Another sore spot is the plan to increase what the state charges to collect and distribute sales tax revenues to local governments. The plan would raise the rate from three-quarters of a percent to 1.75 percent.
“Two-hundred-forty governments are going to see a 1 percent decrease in their revenues,” said Smith-Newby adding that the move even impacts the voter approved tax assessment to put more Metro police officers on the streets.
Walker said that assessment will cost Carson City $400,000, Douglas $380,000, Lyon $260,000 and Storey $50,000.
“They’re collecting more than it costs them to collect it,” said Nevada Association of Counties Director Jeff Fontaine.
Closing down 11 rural Mental Health Clinics around the state, said former NACO director Bob Hadfield, will seriously damage an already fragile rural medical services system. Walker said western Nevada will lose four of the seven rural clinics.
But the people served by those clinics will still need help, said Hadfield.
“The system is gone,” he said. “Every gain we made is now gone. This is absurd.”
Boland and Eastley said the planned closure of the Tonopah Honor Camp will have serious implications as well. They said that camp provides primary first response for wildland fires in central Nevada.
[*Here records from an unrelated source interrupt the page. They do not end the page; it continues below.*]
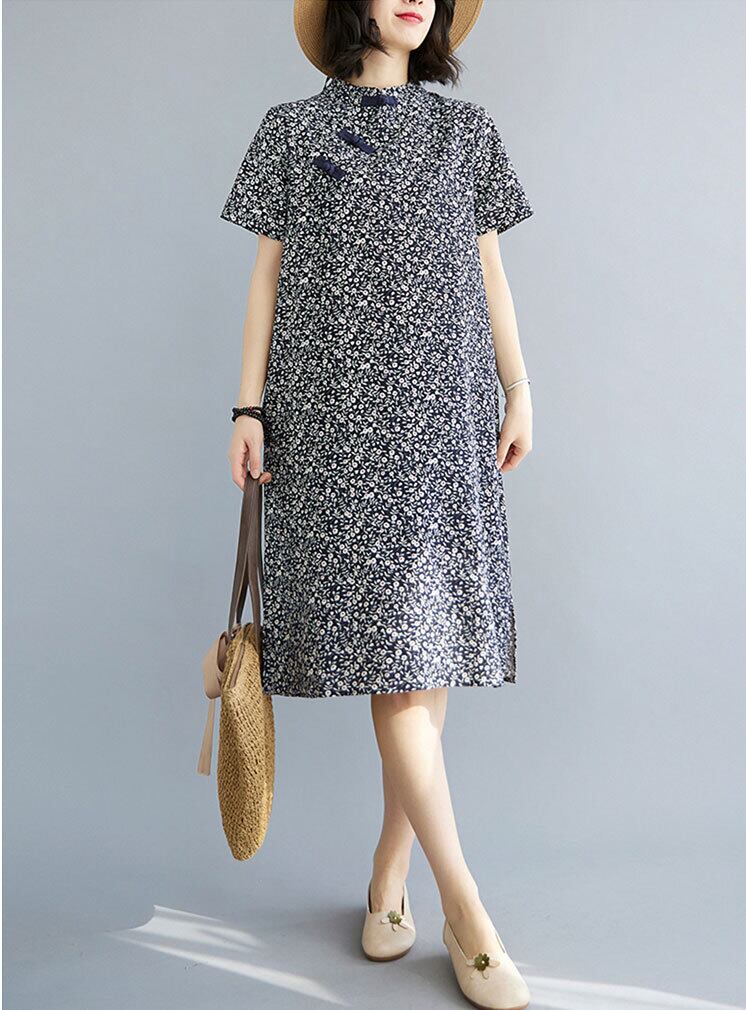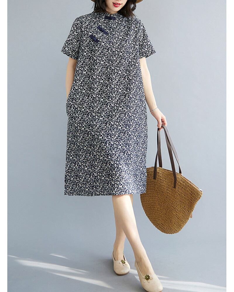 チャイナ服 モダンチャイナワンピ ゆったり 半袖 小花柄 zs217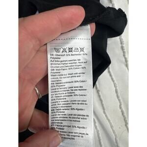 This Mammut Core women’s t-shirt is a sleek, performance-inspired piece with a touch of mountain personality. In classic black, this short-sleeve shirt features a standard women’s cut with small side slits (about 1” long) for subtle style and ease of movement. The left side of the shirt showcases a minimalist vertical ski-themed graphic, including stylized skis, a Wi-Fi “SEND” icon, a mountain peak design, and the Mammut logo in orange.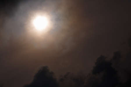 Orange sun disk isolated on smoky sky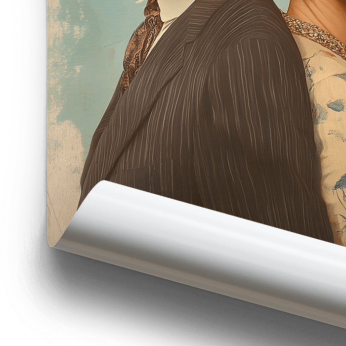 Dieses faszinierende Porträtgemälde zeigt die beiden ikonischen Künstler Frida und Salvador Dalí in einer ausdrucksstarken Komposition.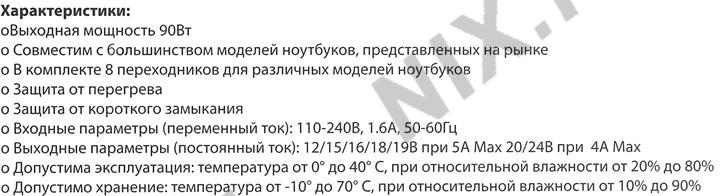 | Диаметр коннектора БП (внешний x внутренний) | 7.4 x 5.0 мм; 5.5 x 2.5 мм; 5.5 x 2.1 мм; 5.5 x 1.7 мм; 4.8 x 1.7 мм; 4.5 x 3.0 мм; 3.0 x 1.0 мм; 2.5 x 0.7 мм |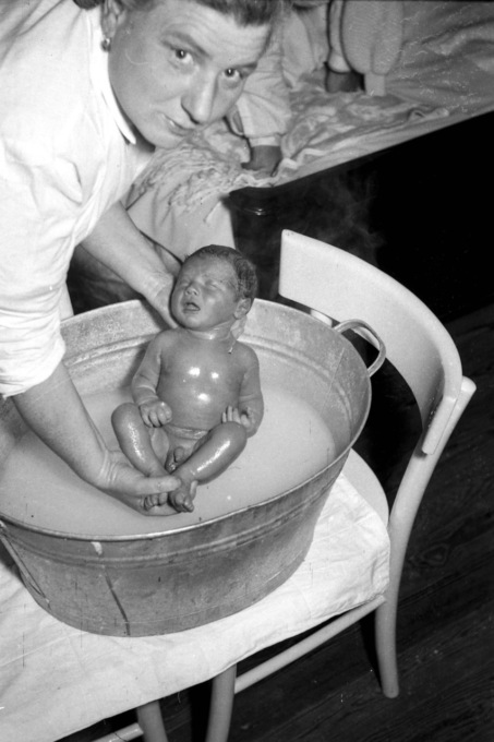 Come in un album di famiglia, ogni foto riporta alla memoria volti, luoghi, emozioni. È il caso del battesimo del 1960, dove la piccola Marina Sana entra per la prima volta in chiesa sulle braccia delle madrine, circondata dai propri cari; o del primo compleanno di un bambino che ride, affacciato dal suo seggiolone, con una fetta di torta pronta per lui. C’è la purezza di un neonato che fa il suo primo bagnetto in un mastello di latta, cullato dalle braccia dell’ostetrica Ada Pezzani, che ha assistito al parto in casa come era di prassi a quel tempo. Era la moglie di Eugenio Rosati, per alcuni decenni capostazione a Ponte San Pietro; la loro figlia Mirella è stata sindaco dal 1990 al 1992.

With its closure, help will be at least three hours away.
“If there’s a fire, we’re gone,” said Boland.
Eastley said those inmates also provide a variety of other services in the area including road repairs.
Several of those interviewed charged that they are still finding places where they get hurt in the proposed budget. Selinder said one example is cutting the money that pays for physicals for volunteer firemen, forcing counties to pick up the cost. And Walker said it’s not clear if the $1 million taken from the POST police training budget will fall on local governments.
Fontaine said an additional problem for local governments is that they must build their budgets for the coming year before they know what the Legislature’s decision on all the proposals is. Preliminary budgets must be filed with the Department of Taxation in March and final budgets by May. The Legislature runs through the end of May.
He questioned how local governments can even plan their budgets.